First of all, let's make some vectors based on your given points:
b=B-A
c=C-A
d=D-A
, In other words, we simply let A be the original point.Vectors b, c, and d are connecting from A to B, to C, and to D, respectively.We are going to answer your questions based on these vectors.
To check if A, B, and C are not in a straight line, we simply need to check if vector b and c are independent.We use the rank of matrix with verctor b and c to determine:
r = rank([b c])
Here we assume b and c are column vectors.(If b and c are row vectors, r = rank([b;c]) in Matlab)Now, If r=2, vector b and c are independent, in other words, A, B and C are not in one straight line, they can determine a plane.
We assume b and c are independent now.We use the following steps to obtain a basis:
(1) take b as the first vector: v1 = b
(2) get the normal vector of the plane determined by b and c:
v3 = cross(b,c)
(3) get the third vector which is orthogonal to both v1 and v3:
v2 = cross(v3, v1)
*Note: v2 must be on the plane defined by b and c, or equavilently by A, B and C
(4) normalize v1, v2 and v3, we get:
e1 = v1 / norm(v1)
e2 = v2 / norm(v2)
e3 = v3 / norm(v3)
Then, e1, e2 and e3 form a basis of whole 3D spance.
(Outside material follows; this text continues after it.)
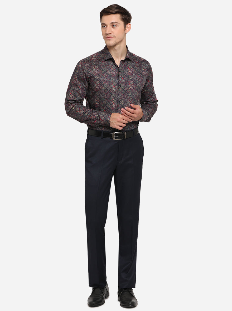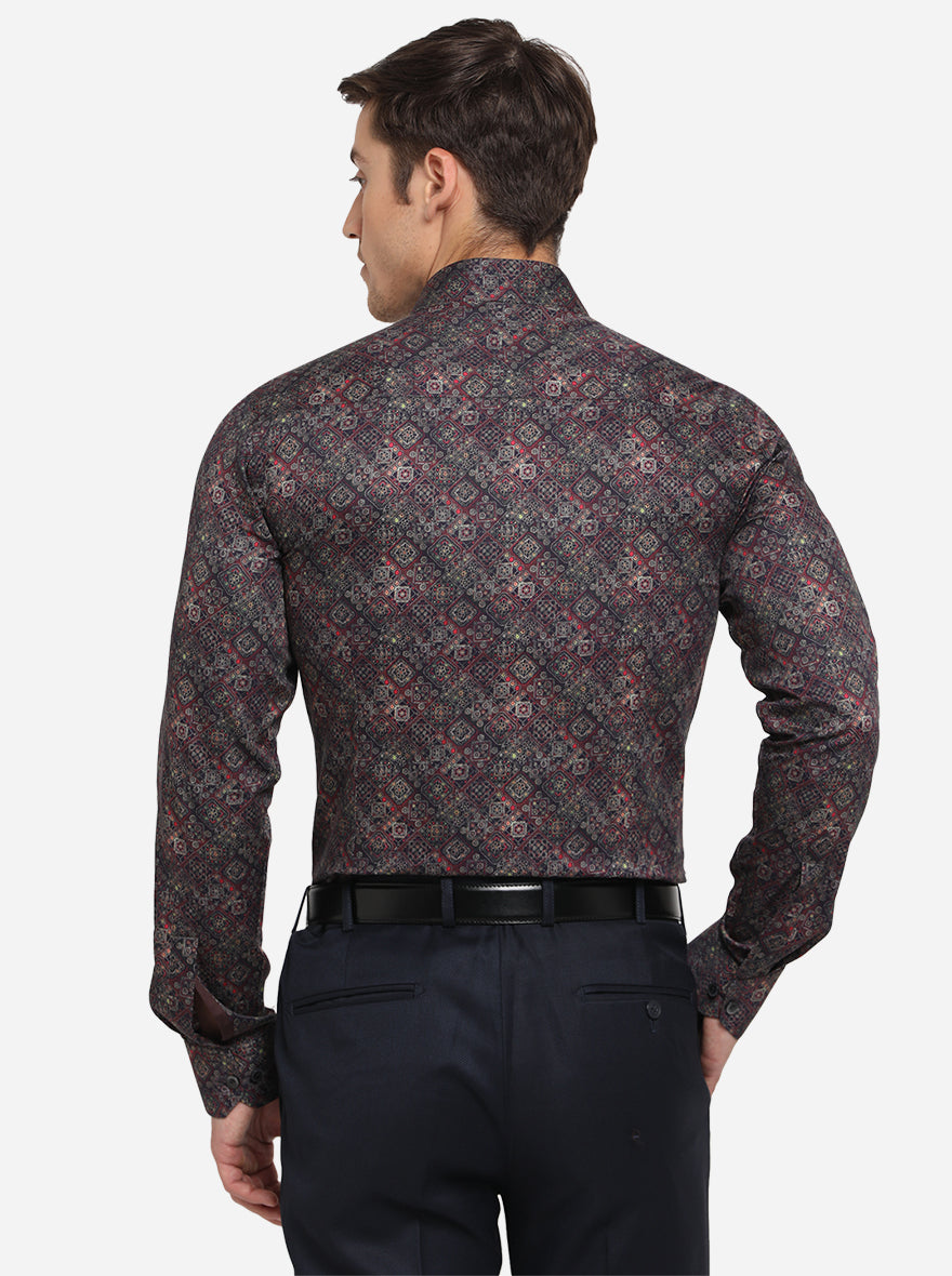 Maroon & Blue Printed Slim Fit Party Wear Shirt | Wyre

To get the projection of D onto plane ABC, you can get the inner product of d and each vector of the basis :
p1 = dot(d,e1)
p2 = dot(d,e2)
p3 = dot(d,e3)
Then:
projectionOfDOntoABC = p1*e1+p2*e2+p3*e3
Finally, e1 and e2 form a basis of the plane ABC. You can use (p1,p2) as the coordinates with respect to the basis e1,e2 to refer a point on the plane.